A similar approach should be taken with Islamic marriage contracts by allowing Islamic tribunals to arbitrate marriage disputes when the parties so desire. Allowing decisions made by Islamic arbitration tribunals to carry binding weight--so long as the tribunal itself is in compliance with Federal Arbitration Act and meets other appropriate standards--in no way precludes the civil family law system from exercising jurisdiction over these issues. On the contrary, "arbitration is not a parallel system, but a method of alternative dispute resolution that is subject to judicial oversight, and is thus subordinate to the court system." (171)
Still, other commentators reject the analogy of religious arbitration as private ordering akin to freedom of contract. (172) They argue that there is more pressure, particularly for women, in religious matters than in financial matters. (173) One author notes, "a liberal model that recognizes agency by allowing choice, even incorrect ones, puts a high premium on fostering informed choice." (174) Though this is true, it ignores the capability of courts to continue to require that a baseline of basic rights be protected. Further, additional requirements that help ensure informed choice can be put into place that go beyond what is currently required. (175)
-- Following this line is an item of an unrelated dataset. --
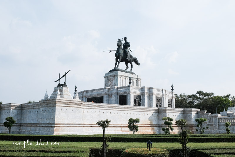 Si vous arrivez au Wat Phu Khao Thong par l’avenue côté est, la statue au centre du rond point représente le roi Naresuan sur son cheval (สมเด็จพระนเรศวรมหาราช), celui-là même qui d’après les chroniques rendit son indépendance au Royaume d’Ayutthaya, à la fin du XVIe siècle.

This criticism also ignores the reality that even without official Islamic arbitrators that are recognized by civil courts, Islamic individuals in the United States already participate in this private ordering and so-called unofficial law. Research suggests that "members of [Islamic] communities generally follow official marriage and divorce laws in order to have their family status recognized by the state, but that they also utilize unofficial law mediated by ecclesiastical courts, rabbinic tribunals, or Muslim dispute resolution centers." (176) These arbital decisions are currently not given the weight of official enforcement, but they are also not subject to any safeguards, oversight, or protection. (177) Reports have surfaced of arbitrary, sexist opinions from unregulated arbitrators, particularly in Britain, which boasts a large Muslim population and several Islamic arbitration tribunals with varying levels of transparency and legitimacy. (178) A complete rejection of any pluralist system, then, in some ways provides less protection for individuals who might be vulnerable to community pressure to participate in "unofficial" arbitration forums. (179) In other words, a complete rejection of any concept of shared jurisdiction "may instead thrust these tribunals underground where no state regulation, coordination, or legal recourse is made available to those who may need it most." (180)
C. Benefits of a Pluralist Approach
One benefit of permitting some interaction between civil courts and Islamic arbitration tribunals is that it allows for greater oversight to ensure protection of basic rights. As the example of BDA suggests, embracing a pluralist scheme also encourages self-regulation by the religious arbital body itself to come into conformity with the standards of U.S. civil law, including standardized procedural rules, fair appellate processes, and fundamental rights of due process and equal protection under the law. (181) This, in turn, incentivizes religious arbitrators to become familiar with tenets of American civil law and cultivates a "dual-system fluency." (182) Over time, this may lead to new interpretations of religious and cultural norms and a plurality of practices even within these traditions. (183) If such a system were employed in Islamic law matters, not only would American judges become more familiar and comfortable with basic tenets of Islamic law, but so too would Islamic arbitrators with American law.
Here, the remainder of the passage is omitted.